O especialista afirma, por outro lado, que este partido mostrou que não é exclusivamente dependente de Morales.
"Não é um movimento político que depende apenas de seu líder carismático. Seus partidos opositores achavam que sem ele no país ou na disputa, a disputa seria sozinha entre eles. Eles não conseguiram e por isso foram divididos", diz o analista.

Dulón, por sua vez, diz que é claro que o ex-representante tem dificuldade em ficar de fora e que terá sua participação no futuro virtual do governo. "Ele não vai se demitir. Como em todos os partidos políticos haverá facções e uma delas será a de Morales. Sempre haverá frentes diferentes e tenho certeza que ele será o líder de uma delas", diz.

Evo já declarou que seu retorno a Bolívia é uma questão de tempo. Foto: El Deber

Dulón observa, no entanto, que o ambiente do ex-presidente não desfrutará mais dos privilégios que teve durante os últimos quase 14 anos de mandato porque a correlação de forças dentro do MAS mudou.

Eduardo Gamarra, cientista político da Universidade Internacional da Flórida (EUA), também acredita que a carreira política de Evo Morales não acabou. "Evo tem 60 anos, politicamente falando ele ainda é jovem e é uma pessoa com todas as características desses líderes latino-americanos que se acreditam indispensáveis. Esse é um grande risco para o MAS e seu projeto de longo prazo", explica.

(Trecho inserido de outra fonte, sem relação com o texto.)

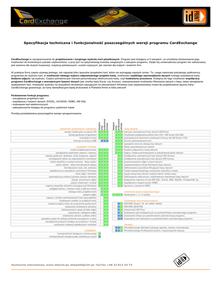 Specyfikacja techniczna i funkcjonalność poszczególnych wersji programu CardExchange CardExchange to oprogramowanie do projektowania i seryjnego wydruku kart plastikowych. Program jest dostępny w 5 wersjach, co umożliwia dostosowanie jego możliwości do konkretnych potrzeb użytkowników, a przy tym na optymalizację kosztów związanych z zakupem programu. Dzięki tej uniwersalności program ten adresowany jest zarówno dla dużych korporacji, instytucji państwowych, uczelni wyższych, jak również dla małych i średnich firm. W praktyce firmy często używają jednego, lub najwyżej kilku layoutów (projektów) kart, które nie wymagają częstych zmian. To, czego natomiast potrzebują użytkownicy programów do wydruku kart, to możliwość łatwego wyboru odpowiedniego projektu karty, możliwości szybkiego wprowadzenia danych nowego posiadacza karty, dodania zdjęcia i jej wydruku. Często potrzebna jest również personalizacja elektroniczna karty, czyli kodowanie procesora. Dodajmy do tego możliwość współpracy programu CardExchange z zewnętrznymi bazami danych (jak choćby bazy Excel, czy Access), zaawansowane możliwości filtrowania danych z bazy, łatwe zarządzanie wydawaniem kart, możliwość wydruku na wszystkich drukarkach bazujących na sterownikach Windows oraz zaawansowany moduł do projektowania layoutu karty CardExchange gwarantuje, że karty identyfikacyjne będą drukowane w Państwa firmie w kilka sekund! Podstawowe funkcje programu: - zarządzanie projektami kart - współpraca z bazami danych: EXCEL, ACCESS, ODBC, MS SQL - kodowanie kart elektronicznych - zabezpieczenie dostępu do programu systemem haseł narzędzia i funkcje moduł projektowania karty zarządzanie wydrukiem awersu i rewersu obiekty graficzne, tekstowe, kody kreskowe, zdjęcia zmniejszanie tekstu do odpowiednich rozmiarów widok obiektów w postaci drzewa - łatwy wybór edytor stylów - łatwe formatowanie tekstu formatowanie liczb, dat, wartości współpraca ze wszystkimi czcionkami Windows imort zdjęć i obrazów automatyczna zmiana rozmiaru dużych obrazów edycja, przycinanie zdjęć użycie zmiennych i funkcji wspiera wszystkie drukarki pracujące pod Windows podgląd awersu i rewersu karty w głónym oknie obsługa wielu projektów kart eksport zdjęć raporty o liczbie wydrukowanych kart wg projektów dodawanie notatek na projekcie karty eksport projektu karty do programów graficznych elastyczne dodawanie obrazów zaawansowane opcje obróbki zdjęć kopiowanie i wklejanie zdjęć wstawianie obrzów z plików wideo specjalny pulpit do obsługi drukarek pracujących w sieci zarządzanie prawami dostępu do programu i funkcji możliwość instalacji dodatkowych modułów LEGENDA: funkcjonalność dostępna w danej wersji funkcjonalność dostępna jako dodatkowy moduł designer entry professional ultimate zawartość opakowania i instalacja wersja instalacyjna na płycie CD wersje językowe (5 języków) instrukcja on-line licencja na kluczu USB designer entry professional ultimate Poniżej przedstawiamy poszczególne wersje oprogramowania: bazy danych arkusze wewnętrznych baz danych MS Excel możliwość podłączania plików baz CSV i MS Excel (Ole DB) automatyczne tworzenie unikatowych kluczy dla MS Excel i CSV licznik wydrukowanych kart specjalne okno do obsługi baz danych łatwe wyszukiwanie po nazwie kreator połączenia z bazą danych loginy i hasła przechowywane w zakodowanej bazie danych podłączenie wewnętrznych baz danych MS Access podłączenie zewnętrznych baz danych MS Access przechowywanie zdjęć w bazie danych zaawansowane funkcje filtrowania bazy danych definiowanie przycisków filtrujących bazy danych moduł zaawansowanego sortowania rekordów w bazie opcje edycji bazy danych (edytuj rekord, dodaj nowy) definiowanie widocznych i edytowalnych elementów bazy danych połączenie natywne do baz MS SQL, Oracle, DB2, MySQL, PostgreSQL itp. współpraca z bzazmi przez ODBC łączenie z serwerem MDS kodoranie paska magnetycznego Kodowanie 1, 2 i 3 ścieżki kodowanie kart procesorowych MIFARE Classic 1K, 4K, MAD i MAD2 MIFARE DESFIRE odczyt kart HID Prox kodowanie kart inteligentnych za pośrednictwem zewnętrznego programu kodowanie iClass za pośrednictwem zewnętrznego programu kodowanie kart stykowych za pośrednictwem zeznętrznego programu dodatki PhotoExchange Standard (obsługa aparatu, kamery internetowej) PhotoExchange Professional (autom. rozpoznawanie twarzy) Hurtownia internetowa; www.IDprint.pl; [email protected]; Tel/fax +48 22 812 43 73

O professor diz que no último ano houve tensão dentro do MAS pelo papel que Morales desempenhou na eleição. "Poucas pessoas vão tentar substituir Evo do seu papel, mas acho que vão tentar deixá-lo como um líder histórico e não se tornar um fator de divisão porque governar a Bolívia vai ser complicado e mais complicado com a crise", diz ele.

Ele conclui que este partido, "se o fizer de forma inteligente", tentará manter o ex-presidente como uma figura política e governar pragmaticamente ao mesmo tempo. Enquanto isso, da Argentina, Evo Morales vem tuitando mensagens de celebração desde que a vitória foi aprendida e compartilhando os parabéns que diferentes líderes e personalidades emitem para ele, Arce e seu partido.
E não levou 24 horas para afirmar que seu retorno é uma "questão de tempo".

O binômio

Analistas consultados pela BBC Mundo não deixam virtualmente eleito o vice-presidente David Choquehuancafora da equação.
Destacam sua capacidade de articular os setores sociais da região andina da Bolívia, mas, acima de tudo, ressaltam que conseguiu evitar a fratura do partido no pior momento de crise após a saída de Evo Morales.

Sua participação na fórmula, eles apontam, permitiu que o MAS recuperasse a liderança em áreas onde ele havia perdido apoio.
Embora o reivindicassem como candidato principal, ele assumiu a indicação à vice-presidência e reuniu diferentes setores sob o lema "se dividirmos, perdemos".

E Luis Arce sempre correu para apontar que ele era um dos ministros com os quais manteve a melhor relação durante o "evismo".
Assim como ele agora não hesita em fazer diferenças com o líder do seu partido. "Eu não sou Evo", ele repete uma e outra vez.